To install jupyter dashboards and enable interactive viz, use the following commands

```
conda install notebook==5.5
conda install -c conda-forge jupyter_dashboards
jupyter nbextension enable jupyter_dashboards --py --sys-prefix
```

In [None]:
# Import packages
import pandas as pd
import numpy as np
import ipywidgets as widgets
from ipywidgets import interactive
import matplotlib.pyplot as plt
from datetime import datetime
from datetime import timedelta
from IPython.display import Javascript
from plotnine import ggplot, aes, geom_line, scale_x_date, ylab, theme, geom_col, coord_flip, scale_x_discrete, geom_bar
from plotnine import labs, scale_fill_gradient, scale_fill_manual, element_text

#packages for LDA
import sklearn
from sklearn.feature_extraction import text
from sklearn.feature_extraction.text import CountVectorizer
import nltk
nltk.download("stopwords")
from nltk.corpus import stopwords
import smart_open
from gensim import matutils, models
import scipy.sparse
import re
import string
import os

#packages for log reg
from sklearn.linear_model import LogisticRegression
from sklearn.metrics import classification_report, confusion_matrix, ConfusionMatrixDisplay

In [None]:
# Load data
comments = pd.read_csv('all_comments_withSentimentTickers_newestdata.csv')
posts = pd.read_csv('all_posts_withSentimentTickers_newestdata.csv')
prices = pd.read_csv('sp500_prices.csv')
info = pd.read_csv('sp500_tickers.csv')

prices['Ticker_Date'] = pd.to_datetime(prices['Ticker_Date'])
prices['date'] = prices['Ticker_Date'].dt.date

posts['created_utc'] = pd.to_datetime(posts['created_utc'],unit='s', origin='unix')
posts['date'] = posts['created_utc'].dt.date

comments['created_utc'] = pd.to_datetime(comments['created_utc'],unit='s', origin='unix')
comments['date'] = comments['created_utc'].dt.date
comments['body'] = comments['body'].astype(str)
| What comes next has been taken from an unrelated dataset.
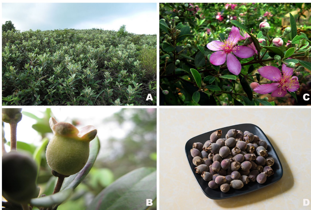
Fig. 1. R. tomentosa : (A) R. tomentosa bushes; (B) R. tomentosa immature fruit; (C) R. tomentosa flowers; (D) R. tomentosa fruits.

To date, there are no authoritative published comprehensive reviews of R. tomentosa included in the content of SCI. In this review, we compile the progress on phytochemical studies over the past decades, with all the elucidated structures listed. The biological characterization of the extracts or components isolated from R. tomentosa is summarized as well. The purpose of this article is to interpret recent advances on the chemical composition, pharmacology benefits and industrial applications of R. tomentosa .

# Filter down dataset and expand on each mentioned ticker
ticker_comments = comments[comments['tickers_mentioned'].notnull()].copy()
ticker_comments['ticker_list'] = [x.replace(" ","").split(",") for x in ticker_comments['tickers_mentioned']]

ticker_comments = ticker_comments.explode('ticker_list')
ticker_comments = ticker_comments[ticker_comments['ticker_list'] != 'A'].copy() #filtering out bad data


In [None]:
#perform LDA

addsw = 'going', 'would', 'go', 'think', 'money', 'dont', 'let', 'could', 'never', 'oh', 'oooh', 'got', 'like', 'youre', 'well', 'la', 'im', 'ive', 'whats', 'theyve', 'ohohh', 'youve', 'cant', 'wanna', 'another',  'theres', 'know', 'one', 'want', 'good', 'get','ill', 'market', 'time', 'stocks', 'people', 'buy', 'stock', 'years', 'inflation', 'trading','make'


stopwords = stopwords.words('english')

for word in addsw: 
    stopwords.append(word)
    
def split_comment(comment):
    x = [word for word in comment.split() if word not in stopwords]
    return x

def clean_comments(comment):
    comment = str(comment)
    comment = comment.lower()
    comment = re.sub(r'[\(\[].*?[\)\]]', '', comment)
    comment = re.sub('[%s]' % re.escape(string.punctuation), '', comment)
    comment = os.linesep.join([s for s in comment.splitlines() if s])
    return comment

#comments['words'] = comments['body'].apply(lambda x: split_comment(x))

#filter a dataset for last 3 days
mx_dt = comments['created_utc'].max().date()
recent_comments = comments[comments['created_utc'].dt.date >= (mx_dt - timedelta(days=3))].copy()
recent_comments['body'] = recent_comments['body'].apply(lambda x: clean_comments(x))
recent_comments['words'] = recent_comments['body'].apply(lambda x: split_comment(x))
combined_comments = recent_comments.groupby('subreddit_id')['body'].apply(','.join).reset_index()
cv = CountVectorizer(stop_words=stopwords, ngram_range=(1,2), analyzer='word')
data_cv = cv.fit_transform(combined_comments.body)
data_stop = pd.DataFrame(data_cv.toarray(), columns=cv.get_feature_names())
data_stop.index = combined_comments.index
tds = data_stop.transpose()
smart_open.open = smart_open.smart_open

sparse_counts = scipy.sparse.csr_matrix(tds)
corpus = matutils.Sparse2Corpus(sparse_counts)
id2word = dict((v, k) for k, v in cv.vocabulary_.items())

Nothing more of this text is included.